#### GIVEN INFORMATION:
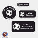 Sporty waterproof school stickers for kids. Set of 24 different square and round name stickers, soccer theme - black. Ideal for school and kindergarten. Label lunch box, water bottle, books, notebooks or other items with these great stickers. Great gift idea for kindergarten or school start.
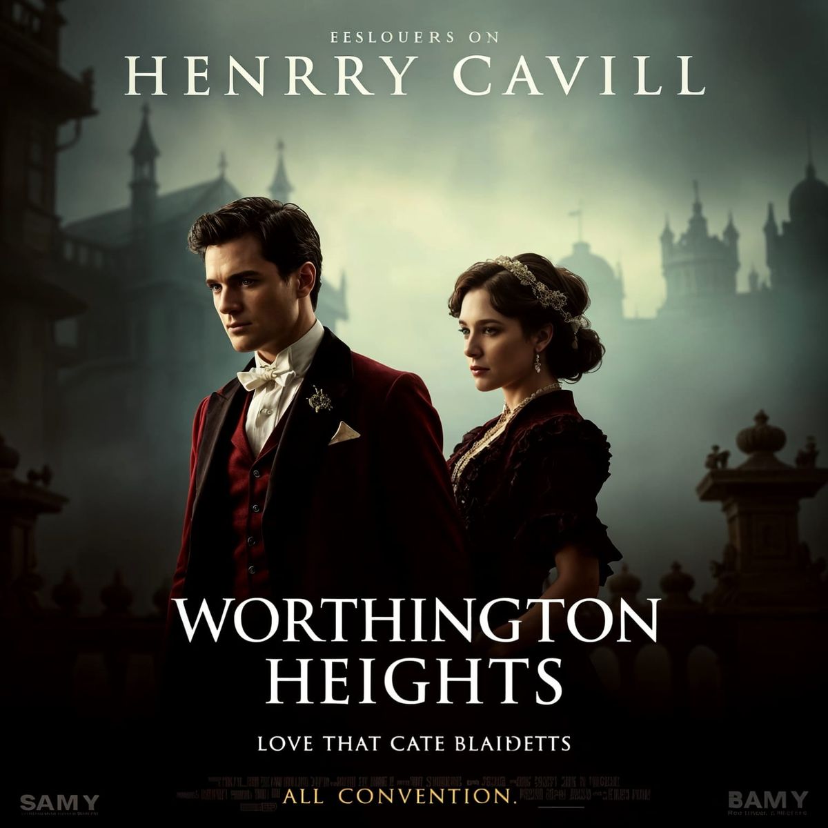 A movie poster for a Victorian romance, "Worthington Heights," featuring classic movie poster design elements and a tagline about enduring love.
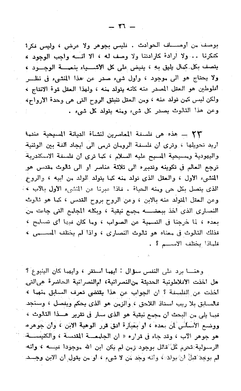 23- هذه هي فلسفة المعاصرين لنشأة الديانة المسيحية عندما أريد تحويلها، وترى أن فلسفة الرومان ترمي إلى إيجاد ألفة بين الوثنية واليهودية ومسيحية المسيح عليه السلام، كما ترى أن فلسفة الإسكندرية ترجع العالم في تكوينه وتدبيره إلى ثلاثة عناصر أو إلى ثالوث مقدس هو المنشئ الأول، والعقل الذي تولد منه كما يتولد الولد من أبيه، والروح الذي يتصل بكل حي ومنه الحياة. فإذا عبرنا عن المنشئ الأول بالأب، وعن العقل المتولد عنه بالابن، وعن الروح بروح القدس، كما هو ثالوث النصارى الذي أخذ ببعضه مجمع نيقية، وبكله المجامع التي جاءت من بعده، لما خرجنا في التسمية عن الصواب، وما كان فيها أي تسامح، فذلك الثالوث في معناه هو ثالوث النصارى، وإذا لم يختلف المسمى، فلماذا يختلف الاسم؟.
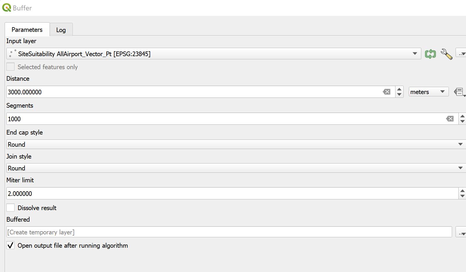 - In the resultant layer, ensure that the distance is set to 3000m, which would create a 3km buffer, and segments is set to 100, which would create a nice curved edge, instead of smaller values which woud result in a rectangle shaped buffer.

#### WHAT IS BEING ASKED:
Return all the data above as written, leaving out only the pictures.

#### WRITTEN RESPONSE:
 Sporty waterproof school stickers for kids. Set of 24 different square and round name stickers, soccer theme - black. Ideal for school and kindergarten. Label lunch box, water bottle, books, notebooks or other items with these great stickers. Great gift idea for kindergarten or school start.
 A movie poster for a Victorian romance, "Worthington Heights," featuring classic movie poster design elements and a tagline about enduring love.
 23- هذه هي فلسفة المعاصرين لنشأة الديانة المسيحية عندما أريد تحويلها، وترى أن فلسفة الرومان ترمي إلى إيجاد ألفة بين الوثنية واليهودية ومسيحية المسيح عليه السلام، كما ترى أن فلسفة الإسكندرية ترجع العالم في تكوينه وتدبيره إلى ثلاثة عناصر أو إلى ثالوث مقدس هو المنشئ الأول، والعقل الذي تولد منه كما يتولد الولد من أبيه، والروح الذي يتصل بكل حي ومنه الحياة. فإذا عبرنا عن المنشئ الأول بالأب، وعن العقل المتولد عنه بالابن، وعن الروح بروح القدس، كما هو ثالوث النصارى الذي أخذ ببعضه مجمع نيقية، وبكله المجامع التي جاءت من بعده، لما خرجنا في التسمية عن الصواب، وما كان فيها أي تسامح، فذلك الثالوث في معناه هو ثالوث النصارى، وإذا لم يختلف المسمى، فلماذا يختلف الاسم؟.
 - In the resultant layer, ensure that the distance is set to 3000m, which would create a 3km buffer, and segments is set to 100, which would create a nice curved edge, instead of smaller values which woud result in a rectangle shaped buffer.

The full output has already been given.